Please read the following carefully to understand our use of personal data. Please note that the Policy relates only to the personal data of living individuals.

Information we may collect from or about you

We collect personal data from you which you volunteer when you provide such personal data to us, or via our services with which you interact. We may also be given other personal data relating to you by other persons. These could include, if a booking is made for you by another person, who may be a family member or travelling companion, or a booking agent or other intermediary, working for you or, where you are travelling on business, your employer or other third party on your behalf. We may also obtain such other personal data about you as may be provided to us in the course of our legitimate business activities.

We may collect and process personal data including the following in the course of providing services to you, which could contain your personal data:

your full name; your address; your various email addresses; your various phone numbers including mobile phone numbers; your nationality; your address; financial information about you including your bank account details; credit card details or other payment details; details of contracts you have entered with third parties for us to provide services to you; details of your relationship to other parties; details of your membership of professional or other organisations; your date of birth; details of your children and other relations; medical details including details of allergies; guest preferences including likes and dislikes, details of your car registration number; details of your driving licence; details of your passport, and all other personal data which you ask us to process on your behalf, or which is necessary for us to process in order for us to fulfil our role in providing bedroom accommodation, food & beverage, meeting room or other hospitality related services to you.

We may also process other data, which is not personal data. In general, we do not collect special category/sensitive personal data from or about you. We will, however, collect personal data volunteered by or about you relating to disabilities, allergies or medical or other dietary requirements, in order to address your needs.
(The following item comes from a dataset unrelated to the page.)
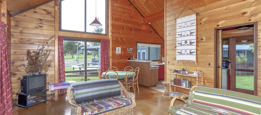 Open plan kitchen / dining and lounge flow to front deck with unobstructed harbour views. The interior is solid wood panellng characteristic of Lockwood homes and has the potential to modernise by blonding or painting.

We may also need to process such information in the event of an accident or a medical or other emergency during your stay or your use of our other facilities.

When you access our website or wi-fi facilities, your device’s browser provides us with information such as your IP address, browser type, access time and referring URL which is collected and used to compile statistical data. This information may be used to help us to improve our website and the services we offer, and to offer services to you.

Security Statement

Doylecollection.com uses the Secure Sockets Layer protocol to protect your online transaction. Secure Sockets Layer is a security protocol that provides communications privacy over the internet. This allows your computer to communicate with our server in a way that is designed to prevent tampering or message forgery. Your credit card number is also “one-way” encrypted as it enters our databases. We will take all reasonable care to keep the details of your booking or reservation and credit card information secure.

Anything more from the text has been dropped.